What this spec is NOT: the WHY (see ADR 0026) and the HOW-TO (see docs/testing.md).
Contents
Section titled “Contents”- Locked choices
- Environment matrix
- Test layers + shipped-surface coverage
- CI cadences
- Tooling
- Milestones M1–M7
- Risks + mitigations
- Out of scope
1. Locked choices
Section titled “1. Locked choices”Rationale + alternatives live in ADR 0026. Summary only here.
| # | Choice |
|---|---|
| Q1 — env matrix | local + dev + staging + prod. Real test users on prod via test_tenant UUID (Phase E §3). |
| Q2 — CI cadences | Pre-merge smoke / post-CD smoke / nightly full. Details §4. |
| Q3 — build order | M1 → M2 → M3 → M4 → M5 → M6 → M7 (demo → deploy → gaps → harness → mobile → nightly → device cloud). |
| Q4 — mobile | DEFERRED post-MVP0. Web-only coverage for MVP 0 (user decision 2026-04-21) — test the Expo web build from every angle first; iOS + Android Maestro authoring resumes when native platform testing moves to the critical path. |
| Q5 — device cloud | DEFERRED post-MVP0 alongside Q4 — mobile device cloud only matters once mobile test authoring starts.
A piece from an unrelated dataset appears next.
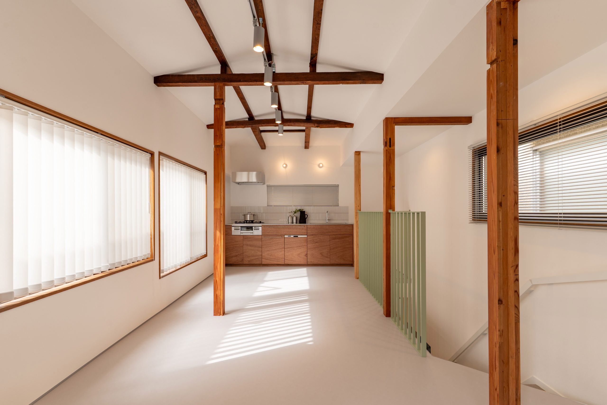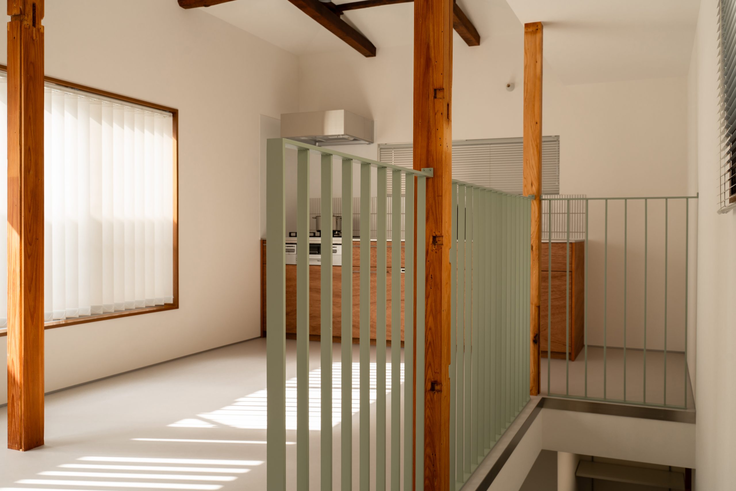 もともとそこにあった柱や梁が作り出す、木工建築ならではのあたたかみのある空間に、

Re-activate with BrowserStack App Live ($99/mo) post-revenue. |
Framing (user, 2026-04-21): cover everything shipped; expect failures where impl is partial (chat, static maps); red tests = bug backlog.
2. Environment matrix
Section titled “2. Environment matrix”Same spec files, different targets. Switched via TEST_ENV=<local|dev|staging|prod>.
| Env | API_BASE_URL | DB | User pool | Clerk | Stripe |
|---|---|---|---|---|---|
| local | http://localhost:3000 | local Postgres (5433) | ephemeral, cleaned per run | dev | test |
| dev | https://api.ideony.is-a.dev (currently same host as prod) | dev Postgres | tenant-scoped, persistent until cleanup | dev | test |
| staging | (future) https://staging-api.ideony.is-a.dev | staging DB | tenant-scoped | staging | test |
| prod | https://api.ideony.is-a.dev | prod DB | tenant-scoped test users, isolated via test_tenant UUID; smoke subset only | prod | live (test-mode accounts only) |
Prod safety: ENABLE_TEST_ENDPOINTS=true in Dokploy env, toggled on only during smoke windows. TestGuard double-gates (env flag + signed X-Test-Tenant header). /test/cleanup is idempotent + tenant-scoped — never touches rows without test_tenant. Prod suite = subset: auth + health + one happy-path booking.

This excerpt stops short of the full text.